Près d'elle un chariot était posé, elle s'y logea doucement et posa une de ses mains contre sa bouche et l'autre contre son cœur priant tous les saints du monde de lui venir en aide.
Les jeunes femmes et les hommes venu avec elle, embarquer entre dans l'avion sans toutefois s'en apercevoir de la disparition de la jeune Tirane.
Dans le chariot en mouvement Tirane guettait de temps à autre le dehors afin de connaître la destination de ce dernier.
C'est près d'une voiture que le chariot s'arrêta, l'homme poussant le chariot s’éloignait afin d'ouvrir le coffre de la voiture, Tirane en profita pour s'éclipser et se mit à courir dans une direction complètement inconnue, d'ailleurs que connaissait-elle de ce pays ?
Elle courait encore et encore, jusqu'à ce qu'elle perde de vue l'aéroport, ce n'est que là qu'elle se donnait la permission de souffler un peu.
Son souffle repris, la jeune femme continua sa marche s'enfonçant davantage dans ces lieux inconnus.
La nuit tombée, les pieds brûlant car ayant trop marché, elle s'arrêta près d'un arrêt de bus, la soif à la gorge.
S'adossant contre le banc public les yeux fermés, elle sentit une ombre passer près d'elle, d'un mouvement rapide, elle ouvrit ses paupières, et rencontra le regard d'un homme à l'aspect douteuse, prenant peur, elle s'ajusta correctement dans sa chaise et voulut parler mais fut stopper par l'homme.
« Alors ma jolie on est toute seule. » lui cracha l'homme au visage.

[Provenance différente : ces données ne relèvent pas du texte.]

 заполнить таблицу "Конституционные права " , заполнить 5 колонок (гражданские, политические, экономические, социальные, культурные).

L'haleine de l'homme peu savoureuse, Tirane tourna sa tête en direction contraire sans toutefois montrer son désagrément.
« Non euh j'attends juste le bus pour rentrer chez moi monsieur. » a-t-elle répondu craintive.

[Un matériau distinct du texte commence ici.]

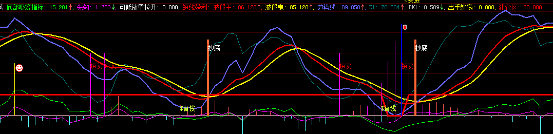 VAR2:=REF(LOW,1); VAR3:=SMA(ABS(LOW-VAR2),3,1)/SMA(MAX(LOW-VAR2,0),3,1)*100; VAR4:=EMA(IF(CLOSE*1.3,VAR3*10,VAR3/10),3); VAR5:=LLV(LOW,30); VAR6:=HHV(VAR4,30); VAR7:=IF(MA(CLOSE,58),1,0); VAR8:=EMA(IF(LOW<=VAR5,(VAR4+VAR6*2)/2,0),3)/618*VAR7; VAR9:=IF(VAR8>100,100,VAR8); STICKLINE(VAR9>-150,0,VAR9,0.3,0), COLORFF00FF; 底部吸筹指标:(CLOSE-MA(CLOSE,40))/MA(CLOSE,40)*100,COLOR00FF00; STICKLINE(CROSS(底部吸筹指标,-24),100,0,1,0), COLORFFFFFF; 先知: (CLOSE-MA(CLOSE,5))/MA(CLOSE,5)*100, COLORFF00FF; 可能放量拉升:IF(CROSS(底部吸筹指标,-24),1,0), COLORFFFFFF; 短线获利:STICKLINE(REF("KDJ.J",1)<0 AND "KDJ.J">0,60,0,2,0),COLOR0000FF; VARK1:=(CLOSE-LLV(LOW,27))/(HHV(HIGH,27)-LLV(LOW,27))*100; VARK2:=REVERSE(VARK1); VARK3:=SMA(VARK1,3,1); 波段王:SMA(VARK3,3,1), COLORRED,LINETHICK2; 波段鬼:SMA(波段王,2.5,1),COLORYELLOW,LINETHICK2; 趋势线: 3*SMA((CLOSE-LLV(LOW,27))/(HHV(HIGH,27)-LLV(LOW,27))*100,5,1)-2*SMA(SMA((CLOSE-LLV(LOW,27))/(HHV(HIGH,27)-LLV(LOW,27))*100,5,1),3,1),COLORFF6666,LINETHICK2; RSV9:=(CLOSE-LLV(LOW,9))/(HHV(HIGH,9)-LLV(LOW,9))*100; K1:SMA(RSV9,3,1); DK1:K1-REF(K1,1),COLORSTICK; 出手就赢:IF(DK1>7 AND REF(DK1,1)<0 AND (DK1-REF(DK1,1))>9,50,0), STICK,COLORYELLOW;DRAWICON(出手就赢>0,50 ,1); STICKLINE( CROSS(趋势线,10),0,73,3,0), COLOR3366FF; DRAWTEXT(IF(CROSS(趋势线,10),100,0),68,'抄底'),COLORWHITE ; DRAWTEXT(IF(CROSS(10,趋势线),1,0), 10,'$备钱'),COLOR33FFCC; DRAWTEXT(REF("KDJ.J",1)<0 AND "KDJ.J">0,50,'短买'),COLORRED ; DRAWTEXT(CROSS(底部吸筹指标,-24),80,'抄底'),COLORWHITE ; RSV:=(((CLOSE - LLV(LOW,9)) / (HHV(HIGH,9) - LLV(LOW,9))) * 100); 短期底部:=LLV(OPEN,30); K:=SMA(RSV,3,1); D:=SMA(K,3,1); J:=((3 * K) - (2 * D)); AA10:=MA(CLOSE,10); AA12:=MA(CLOSE,12); BB10:=((ATAN((AA10 - REF(AA10,1))) * 3.1416) * 10); BB12:=((ATAN((AA12 - REF(AA12,1))) * 3.1416) * 10); MA13:=MA(CLOSE,13); VARB:=(((CLOSE - MA(CLOSE,6)) / MA(CLOSE,6)) * 100); VARC:=(((CLOSE - MA(CLOSE,12)) / MA(CLOSE,12)) * 100); VARD:=(((CLOSE - MA(CLOSE,24)) / MA(CLOSE,24)) * 100); VARE:=(((VARB + (2 * VARC)) + (3 * VARD)) / 6); VARF:=MA(VARE,3); STICKLINE((CROSS(J,0) AND (VARF <= (0 - 7))),0,88,2,0),COLORBLUE; DRAWICON((CROSS(J,0) AND (VARF <= (0 - 7))),88,9); VARO2:=(CLOSE-LLV(LOW,26))/(HHV(HIGH,26)-LLV(LOW,26))*100; VARO3:=SMA(SMA(VARO2,3,1),3,1); VARO4:=EMA(VARO3,5); VARO5:=LLV(LOW,26); VARO6:=HHV(HIGH,34); VARO7:=EMA((CLOSE-VARO5)/(VARO6-VARO5)*4,4)*25; STICKLINE(CROSS(VARO4,10) AND VARO4>10,25,0,1,0),COLORYELLOW; 建仓区: IF((VARO7<10),0,20),LINETHICK3 ,COLORred;

« Oh ! et pourtant vu ton accoutrement il semblerait que tu ne sois pas d'ici, mais bon étant donné que tu sois seul, mes amis et moi allons te tenir compagnie jusqu'à l'arrivée du bus tu es d'accord. » a dit l'homme en s'asseyant près d'elle
Tirane le regardait confuse et lui demanda.
« À quels amis faites-vous allusion monsieur. »
L'homme esquissa un sourire, du noir sortit une troupe d'homme habillé tous en noir. Le sang de la jeune femme se glaça à la vue de ces hommes aux visages pas très accueillant.
« Monsieur euh je pense que le bus a un retard je vais donc continuer à pied car il se fait vraiment tard. » lança la jeune femme en se levant précipitamment
L’homme essaya de la retenir.
« Oh mais non ! » répondit l'homme en lui attrapant le poignet. « Nous allons te conduire où tu le voudras. » Continua-t-il.
« Je vous assure ce n'est pas la peine. » répondit Tirane au bord des larmes.
L’homme n’abandonna pas.
« Oh mais j'insiste ! » insista l'homme.
Dépité, elle acquiesça et reprit sa poignée dont l'homme avait fait prisonnier plus tôt.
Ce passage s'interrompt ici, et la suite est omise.